Sus familiares abrieron los ojos como platos ante sus palabras inesperadas.
—Bueno, es diligente, pero…
Incluso Tae-hyun, que había hablado con entusiasmo de Baek-han, se detuvo al notar la resistencia sutil en sus miradas. ¿Qué…?
—Ay, a mí no me cae bien ese Seo Baek-han.
El tono juguetón de Joo Yoon-woo devolvió el ambiente a la normalidad. Tae-hyun casi pensó que había malinterpretado la situación.
—Ese mocoso ya anda manipulando gente como si fuera un político profesional.
Pero si dijo que no le disgusta la política… ¿no es eso bueno? Tragó las palabras que le ardían en la lengua.
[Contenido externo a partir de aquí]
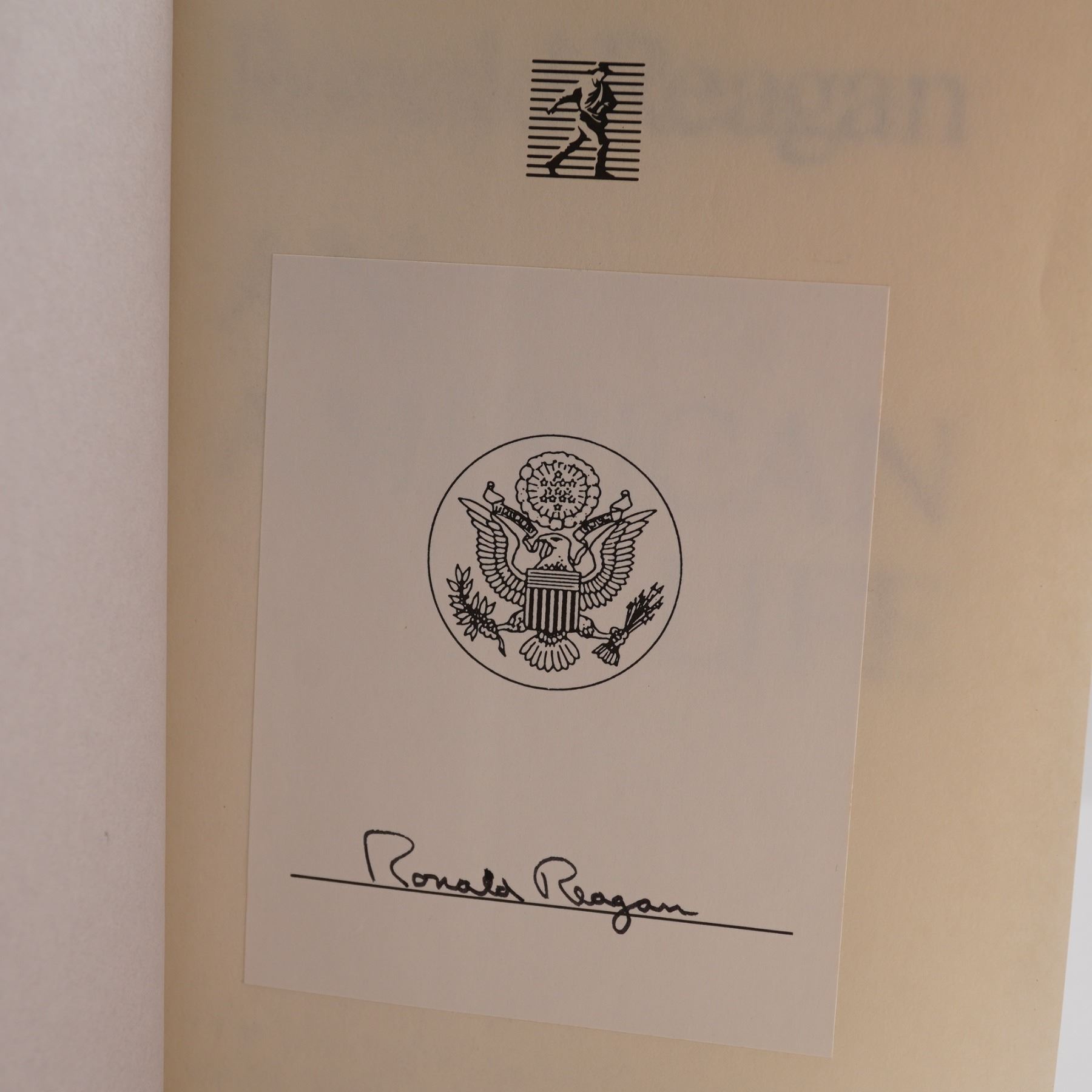 Comes in its original dust jacket with a full body image of Reagan on the front and his smiling portrait on the back. The book includes a signed presidential bookplate. Inside, Reagan recounts his early years, his rise in Hollywood, his time as governor, and his two terms as President, offering personal reflections on politics, history, and the American spirit. Ronald Regan signature. ISBN: 0671691988.
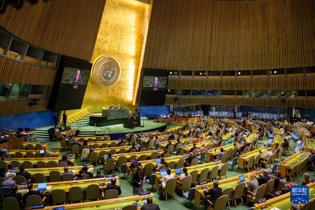 这是6月26日在位于纽约的联合国总部拍摄的联合国大会纪念联合国宪章签署80周年的非正式全体会议现场。新华社发(联合国供图/洛伊·费利佩摄)
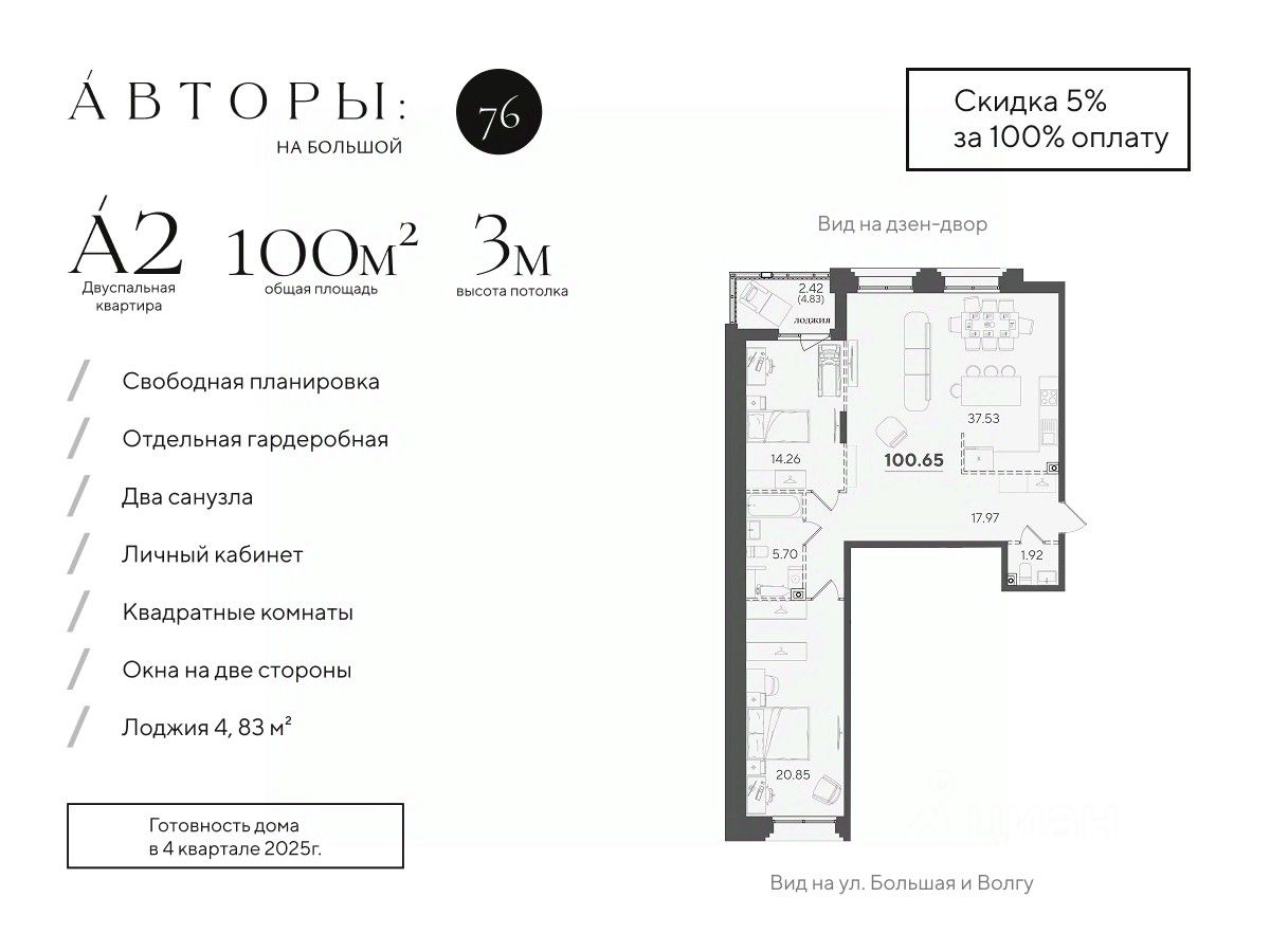 Продается 2-к квартира 5 в клубном доме "Авторы на Большой 76". Квартира с двумя спальнями на 2 этаже площадью 100.65 м², кухней-гостинной площадью 37.53 м², высотой потолков 3 м и двумя санузлами. Окна выходят на две стороны и открывают вид на Волгу и дзен-двор с обильным озеленением. Квартира сдается в свободной планировке, предоставляя полную свободу для ваших предпочтений в дизайне и возможность подстроить пространство под ваши жизненные ценности.
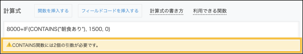 間違った計算式を入力した際、計算式の入力箇所の下部にメッセージが表示されます。
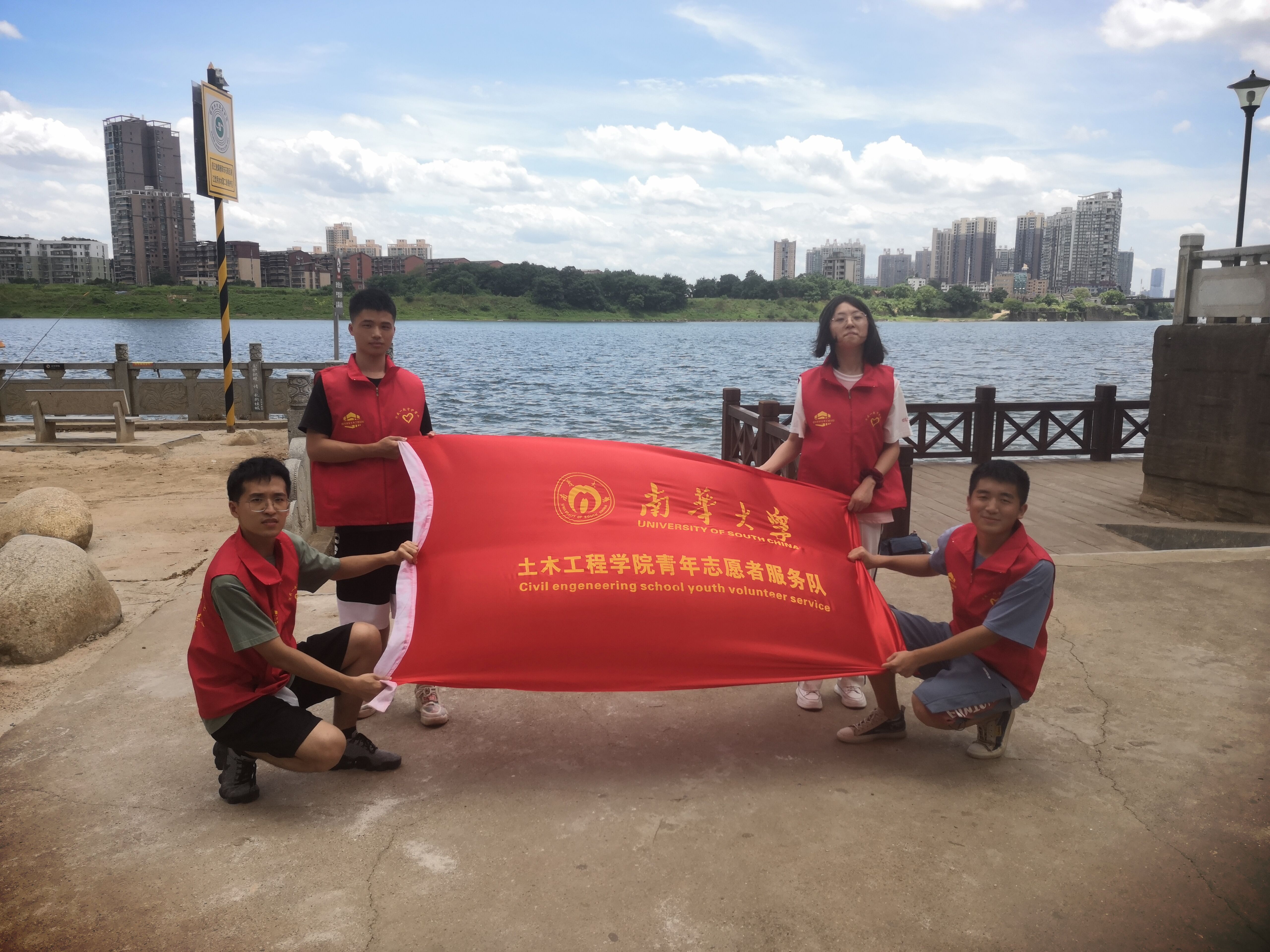 2021年7月9日中午12:30,土木工程学院团委青年志愿者部三下乡团队于湘江沿岸开展保护母亲河志愿实践活动。

—Yoon-woo, deberías aprender de Baek-han. ¿Qué clase de forma de hablar es esa para una señorita?
—¿Qué clajje de formja de habljar ejsh ejshto?
—¡Joo Yoon-woo!
—¡Ay, pero es verdad! ¿Qué puedo aprender de ese repelente? Mira, hasta nuestro pequeño cayó en su trampa y dice que es bueno.
Aunque los padres alzaron un poco la voz por las travesuras de Yoon-woo, el tiempo en familia parecía terminar tan alegre como siempre.
O al menos así habría sido…
—Oye, tengo algo que decir.
—¿Mmm?
…Si no fuera por la bomba que soltó Tae-hyun.
—Quiero ir a la escuela.
—¿…Mmm?
—No una escuela normal. ¿Una de ciencias? O… ya saben, una buena escuela, a la que van personas inteligentes.